_Exercise aim_
Transcribe all of the data exactly. Images stay out.

Stored records:
╭──
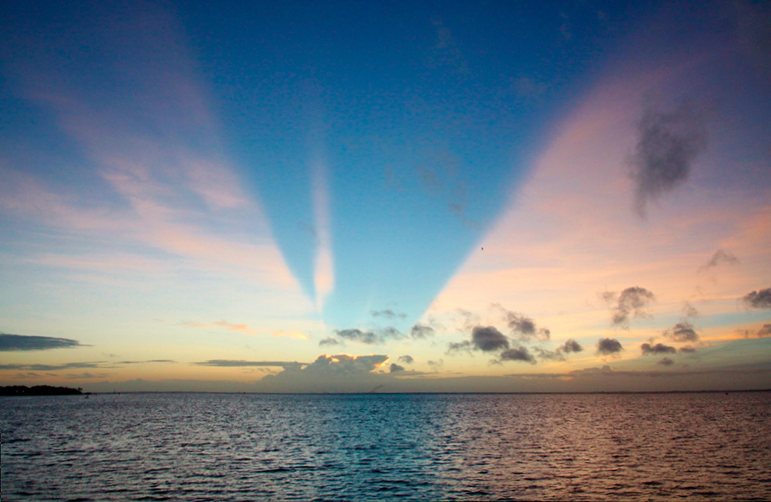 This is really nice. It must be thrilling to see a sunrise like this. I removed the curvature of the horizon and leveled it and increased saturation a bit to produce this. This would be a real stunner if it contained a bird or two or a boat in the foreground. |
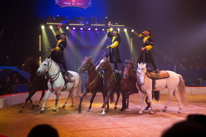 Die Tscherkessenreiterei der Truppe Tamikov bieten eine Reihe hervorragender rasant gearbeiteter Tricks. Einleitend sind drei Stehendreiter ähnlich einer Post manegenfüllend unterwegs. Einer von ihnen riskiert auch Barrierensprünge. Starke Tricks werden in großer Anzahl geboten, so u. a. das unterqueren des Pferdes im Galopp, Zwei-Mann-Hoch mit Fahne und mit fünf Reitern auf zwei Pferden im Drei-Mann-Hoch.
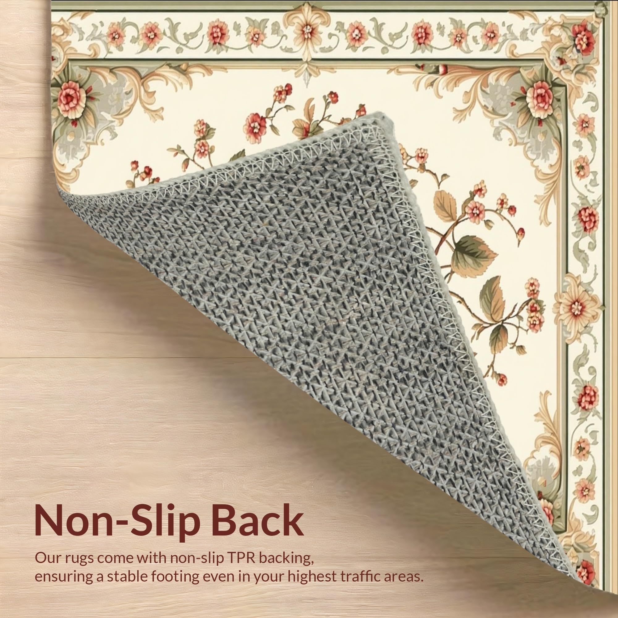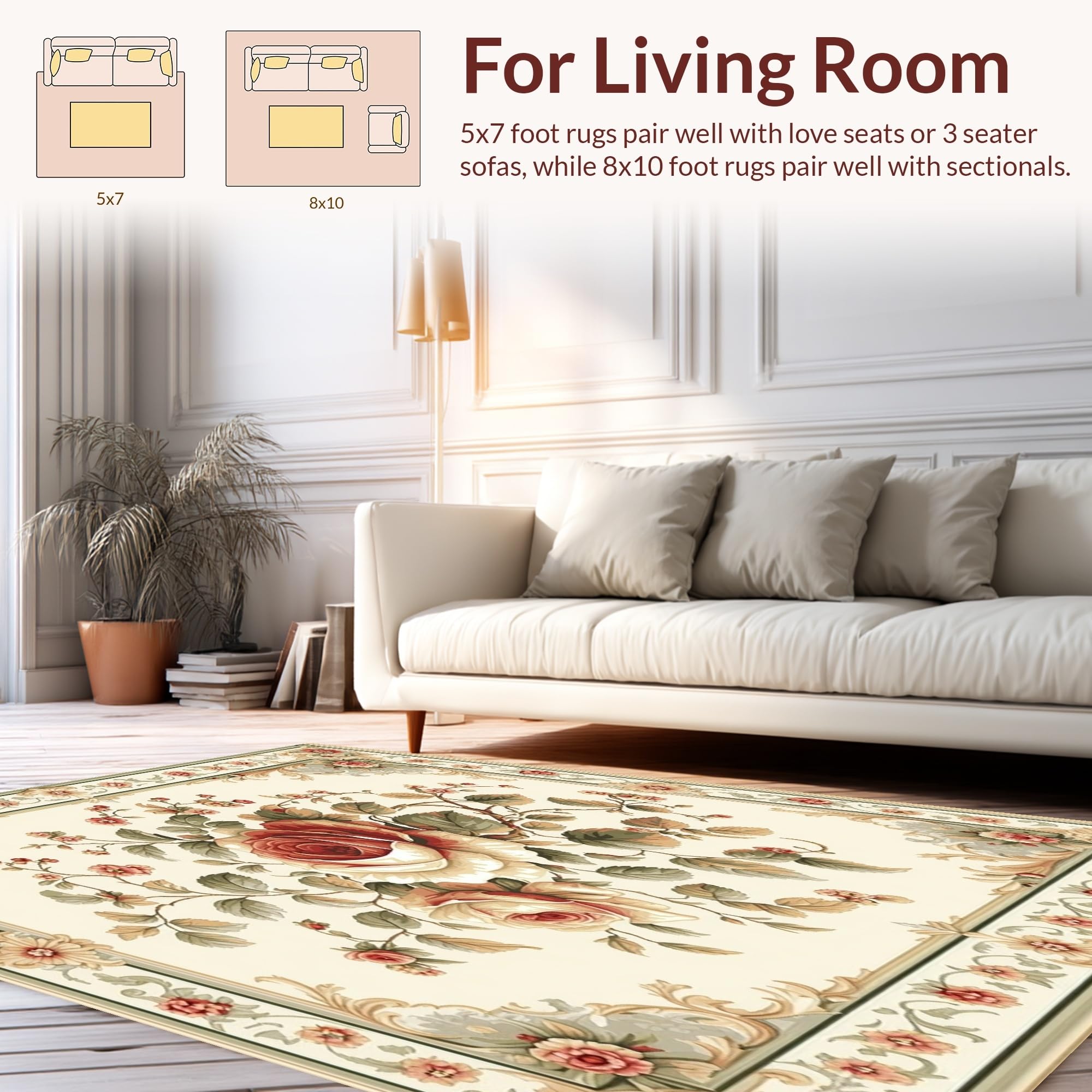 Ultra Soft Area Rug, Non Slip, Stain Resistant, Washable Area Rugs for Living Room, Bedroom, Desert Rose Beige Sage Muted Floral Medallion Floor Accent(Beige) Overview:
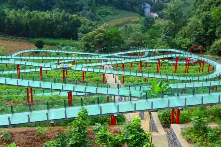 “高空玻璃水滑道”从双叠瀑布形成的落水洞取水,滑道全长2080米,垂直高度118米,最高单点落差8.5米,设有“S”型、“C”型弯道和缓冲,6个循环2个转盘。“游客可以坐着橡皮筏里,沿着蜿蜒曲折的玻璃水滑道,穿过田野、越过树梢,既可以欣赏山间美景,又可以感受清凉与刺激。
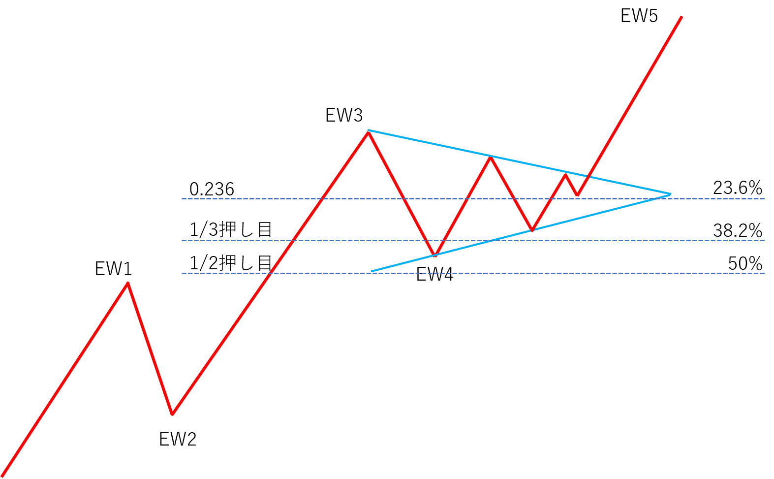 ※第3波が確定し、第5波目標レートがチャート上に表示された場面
╰──
_Solution for this problem_
 This is really nice. It must be thrilling to see a sunrise like this. I removed the curvature of the horizon and leveled it and increased saturation a bit to produce this. This would be a real stunner if it contained a bird or two or a boat in the foreground. |
 Die Tscherkessenreiterei der Truppe Tamikov bieten eine Reihe hervorragender rasant gearbeiteter Tricks. Einleitend sind drei Stehendreiter ähnlich einer Post manegenfüllend unterwegs. Einer von ihnen riskiert auch Barrierensprünge. Starke Tricks werden in großer Anzahl geboten, so u. a. das unterqueren des Pferdes im Galopp, Zwei-Mann-Hoch mit Fahne und mit fünf Reitern auf zwei Pferden im Drei-Mann-Hoch.
 Ultra Soft Area Rug, Non Slip, Stain Resistant, Washable Area Rugs for Living Room, Bedroom, Desert Rose Beige Sage Muted Floral Medallion Floor Accent(Beige) Overview:
 “高空玻璃水滑道”从双叠瀑布形成的落水洞取水,滑道全长2080米,垂直高度118米,最高单点落差8.5米,设有“S”型、“C”型弯道和缓冲,6个循环2个转盘。“游客可以坐着橡皮筏里,沿着蜿蜒曲折的玻璃水滑道,穿过田野、越过树梢,既可以欣赏山间美景,又可以感受清凉与刺激。
 ※第3波が確定し、第5波目標レートがチャート上に表示された場面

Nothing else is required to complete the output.